* Required action: Copy out all of the lines below exactly; the pictures do not belong in the copy.

--------------------

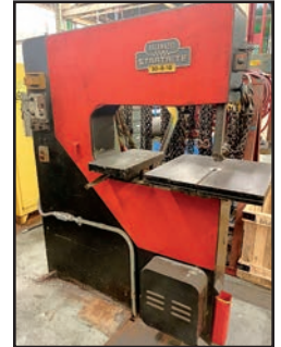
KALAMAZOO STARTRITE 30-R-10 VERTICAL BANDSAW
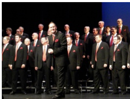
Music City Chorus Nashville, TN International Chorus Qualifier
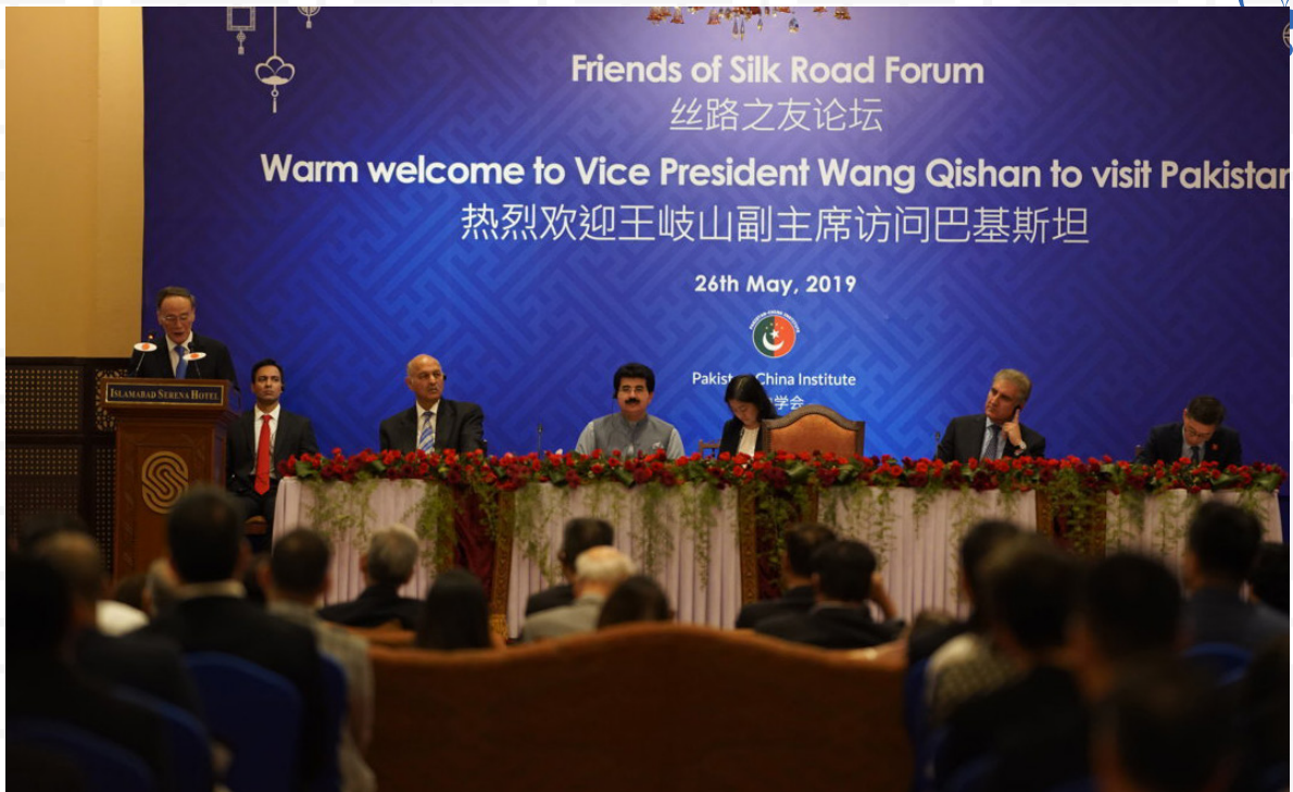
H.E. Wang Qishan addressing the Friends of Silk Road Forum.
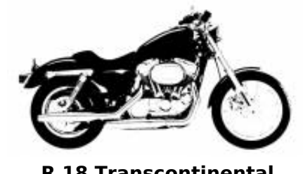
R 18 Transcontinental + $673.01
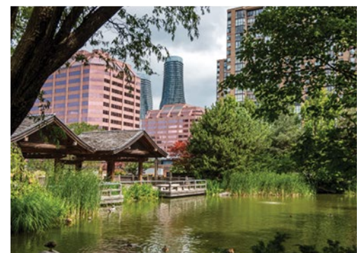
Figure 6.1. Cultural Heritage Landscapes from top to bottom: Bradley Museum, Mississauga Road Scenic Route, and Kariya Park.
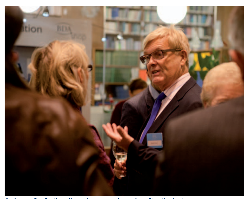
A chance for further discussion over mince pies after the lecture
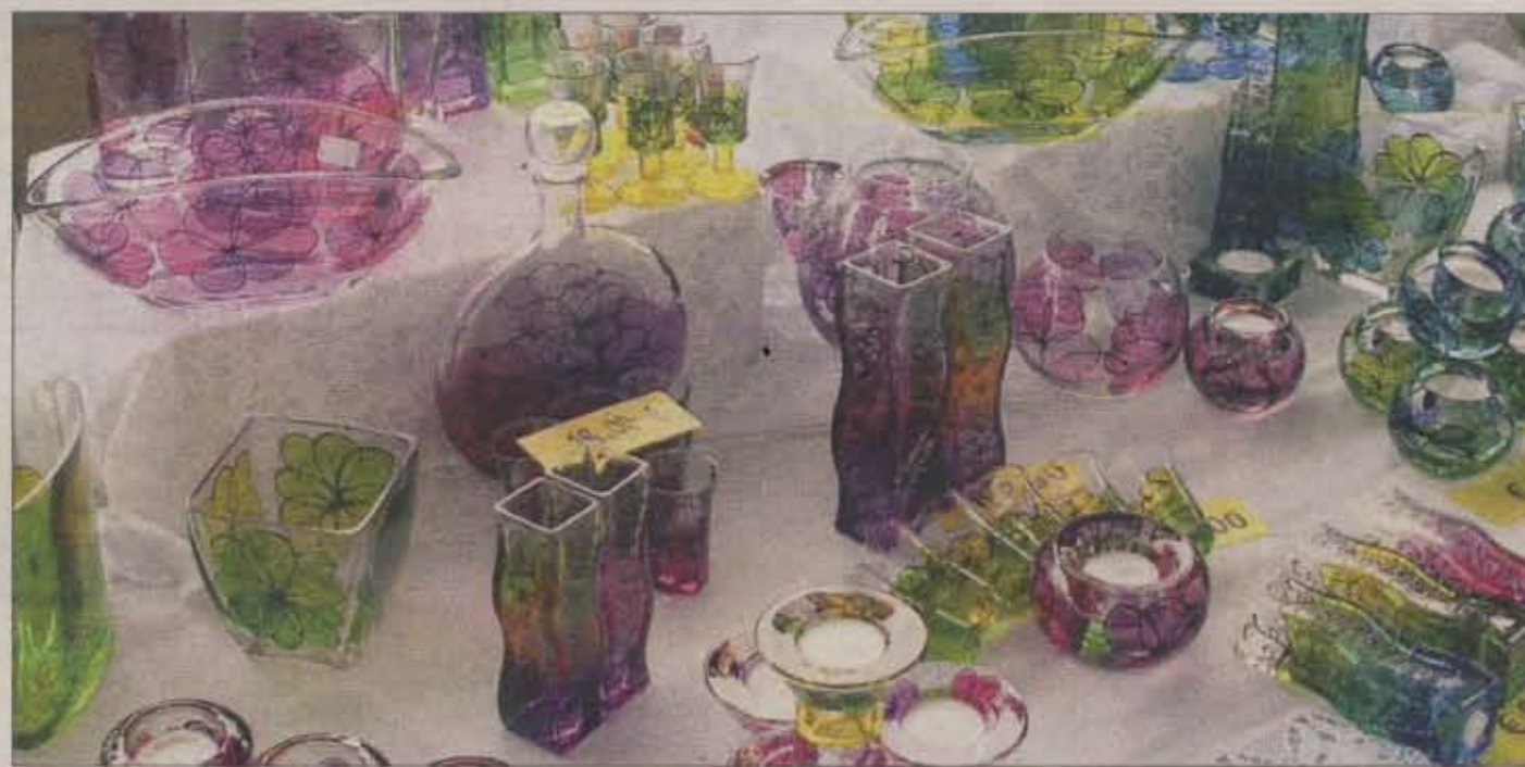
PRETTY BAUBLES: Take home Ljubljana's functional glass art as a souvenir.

--------------------

* Response below:
KALAMAZOO STARTRITE 30-R-10 VERTICAL BANDSAW
Music City Chorus Nashville, TN International Chorus Qualifier
H.E. Wang Qishan addressing the Friends of Silk Road Forum.
R 18 Transcontinental + $673.01
Figure 6.1. Cultural Heritage Landscapes from top to bottom: Bradley Museum, Mississauga Road Scenic Route, and Kariya Park.
A chance for further discussion over mince pies after the lecture
PRETTY BAUBLES: Take home Ljubljana's functional glass art as a souvenir.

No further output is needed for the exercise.